In my 15 years of IT experience, I have visited quite a few companies. Every company attempted, to some degree, to document business process in the form of rules. At the beginning, everyone is over enthusiastic and starts writing every detail as a business rule. At this stage, when a new rule is added, majority of BA's will not look into whether new rule would contradict with existing rules. This is starting point for contradictory / conflicting rules documents. Worst of all, at the corporate level, these initiatives happen in parallel and each department starts documenting rules whenever something comes to mind. IT builds applications based on a set of business rules which develop themselves into a concrete process with an input and output. An individual business rule is always a statement or a fact in the process, but can never be a process by itself. IT builds an application for a set of business rules which are cohesive in nature and accomplish a goal. This means that BAs should start from business PROCESS, not from RULES. After all, a business is a set of well defined processes/services to its consumers. Addressing rules from a process-centric viewpoint gives rules a context. Then BAs can ask themselves questions such as “How many processes are defined?”, “What portion of a process is defined?” Definition of a process can be expressed in business rules. Process-centric thinking while defining business rules has lots of advantages. It brings lots of new perspectives into the picture. In my next blog, I will take an example and explain how this process-centric thinking helps bring context to business rules. I will also explain the benefits BAs would gain by adopting this process-centric thinking.

1 Comments:

At 4/04/2007 10:02 PM, Blogger SharpAlien said...

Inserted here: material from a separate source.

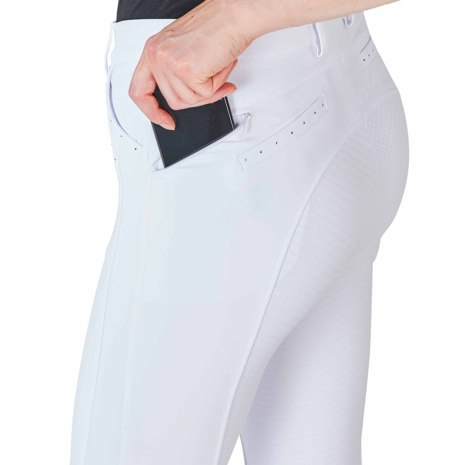 The buses riding pants zaya is a functional breeches that offers all year round. It has an elegant design with rhinestones, a smartphone bag, two insert pockets and a classic cut with medium waist height. It consists of a highly elastic, two -layer functional material and is machine washable at 30 ° C.

Process documentation should not be done in the form of business rules – as they live in different levels of abstraction and have different perspectives. A rule may be part of many a process, and have a different contextual relationship with each process.

Manage Rules and Processes separately as their perspectives at solving a problem in the business domain are very different. To bring them together, respecting perspectives, interleave Rules and Process at Decision Points, this will provide a clearer view, as you travel down the abstraction path.

We have to be mindful that business rules exist as a manifestation of variation in the economic market place. Key differentiators between processes that seem identical are the rules that live in their context.

As with any other collectible documenting exercise, collect artifacts, sort them by type, and weed out the semantic conflicts as you navigate the process. This is no different than what needs to happen in Business Rules space. Just because there is conflict we shouldn’t mix perspectives and end up with a knotted view of the business domain.

As you will see there are different levels of processes – some run the business – others manage the processes that run the business – for example like rules management and process management. There will be rules that live contextually in both areas.

An application is snap shot of a set of processes in time. This by itself is a difficult concept to digest – unfortunately – laying it in concrete – means the fundamental reason of mutability and agility is lost.

The above provides us the with a clue that IT has been driving down the wrong road – and we in the Rules/Process/Service space need to be wary of too close a contact with IT that is not loosely coupled and specifically defined.

Business Analysts should do both (Rules/Process) management – not either – and not necessarily the same person. Business Analysts need to manage their (Rules/Process) areas (perspectives) and as I have mentioned above – interleave – at decision points.

It is not an either or situation – it is about how they (Rules/Process) as first class citizens work together to enrich the business experience.